_Dataset records_:
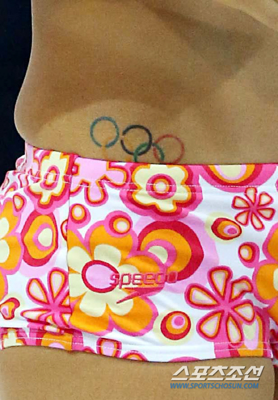 수영 금메달 2연패에 도전하는 박태환이 23일 오전(현지시각) 런던 올림픽파크 아쿠아틱 센터에서 훈련하고 있는 가운데 수영복속에 수놓은 오륜기가 눈길을 끈다. 20120723 런던=올림픽사진공동취재단 i
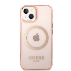 Guess GUHMP14SHTCMP iPhone 14 6,1" różowy/pink hard case Gold Outline Translucent MagSafe
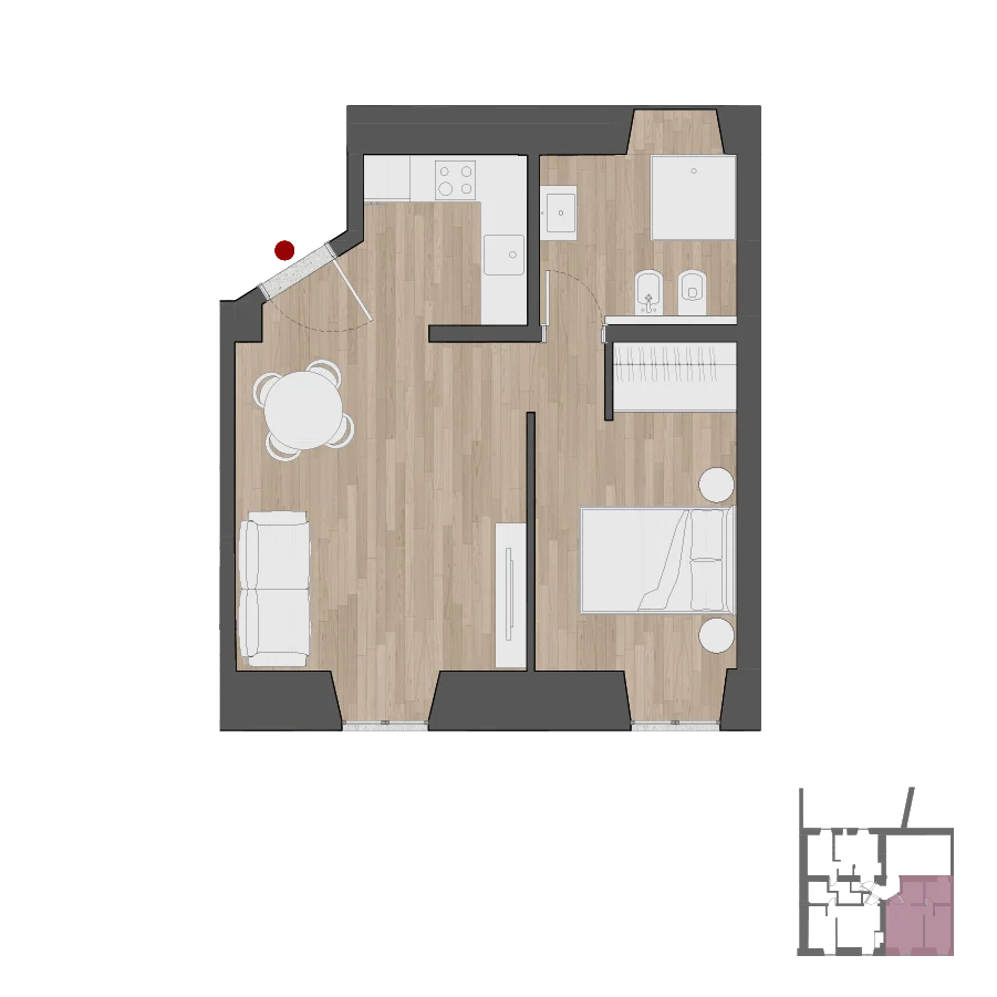 Questo bilocale unisce la cucina e il living in un unico spazio aperto, creando una zona giorno che invita alla condivisione. Nonostante l'open space, la suite include anche un elemento essenziale per la praticità quotidiana: un piccolo spazio separato, progettato come ripostiglio e locale lavanderia.
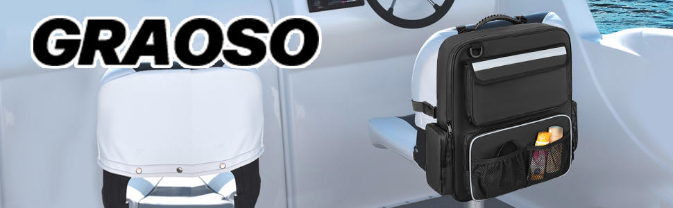 منظمات وتخزين القوارب المقاومة للماء من GRAOSO، حقيبة حمل للمقعد الخلفي للقارب بمقبض مطاطي وحزام خلفي قابل للتعديل، جيوب متعددة لإكسسوارات القوارب، أسود
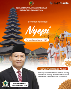 Ucapan Selamat Hari raya Nyepi Anggota DPRD KLU H. BURHAN M. NUR “Rahajeng Nyepi Saka 1948. Dumogi ngemolihang kerahayangan lan kedamaian ring sajeroning jagat”.
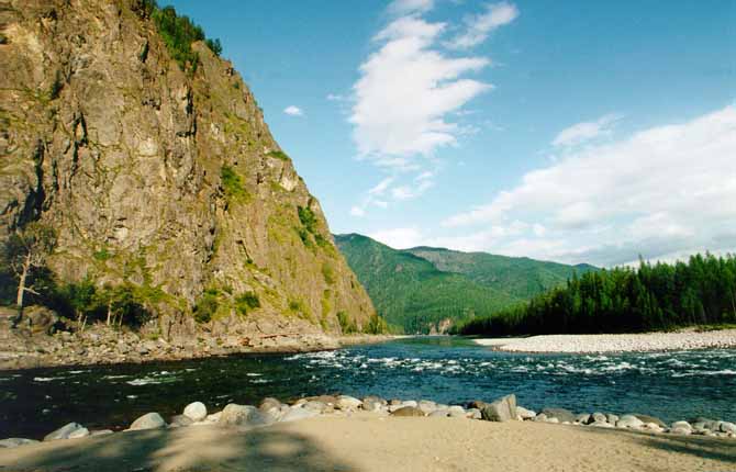 Собрались. Остановив догнавший нас УРАЛ, мы договорились с водителем на 200 руб. до Хойто-Гола и загрузились в кузов. Компания подобралась забавная. Толпа бурят разных полов и возрастов, ребята-телевизионщики из Москвы, мы и группа катамаранщиков-челябинцев, подобранная чуть позже. Среди бурят выделялись буддийский священнослужитель (почти лама!), ортодоксальный бурят-шаман (по совместительству редактор местной газеты) и продвинутый житель Орлика, имеющий дома РII и вынашивающий планы подключения к Интернет. Все взрослые пассажиры мужского пола находились в разной степени нетрезвости.

_Exercise_:
Leave the pictures aside and print exactly, and only, the lines from the one with "منظمات وتخزين القوارب" through the end of the data, both included.

_Your solution_:
 منظمات وتخزين القوارب المقاومة للماء من GRAOSO، حقيبة حمل للمقعد الخلفي للقارب بمقبض مطاطي وحزام خلفي قابل للتعديل، جيوب متعددة لإكسسوارات القوارب، أسود
 Ucapan Selamat Hari raya Nyepi Anggota DPRD KLU H. BURHAN M. NUR “Rahajeng Nyepi Saka 1948. Dumogi ngemolihang kerahayangan lan kedamaian ring sajeroning jagat”.
 Собрались. Остановив догнавший нас УРАЛ, мы договорились с водителем на 200 руб. до Хойто-Гола и загрузились в кузов. Компания подобралась забавная. Толпа бурят разных полов и возрастов, ребята-телевизионщики из Москвы, мы и группа катамаранщиков-челябинцев, подобранная чуть позже. Среди бурят выделялись буддийский священнослужитель (почти лама!), ортодоксальный бурят-шаман (по совместительству редактор местной газеты) и продвинутый житель Орлика, имеющий дома РII и вынашивающий планы подключения к Интернет. Все взрослые пассажиры мужского пола находились в разной степени нетрезвости.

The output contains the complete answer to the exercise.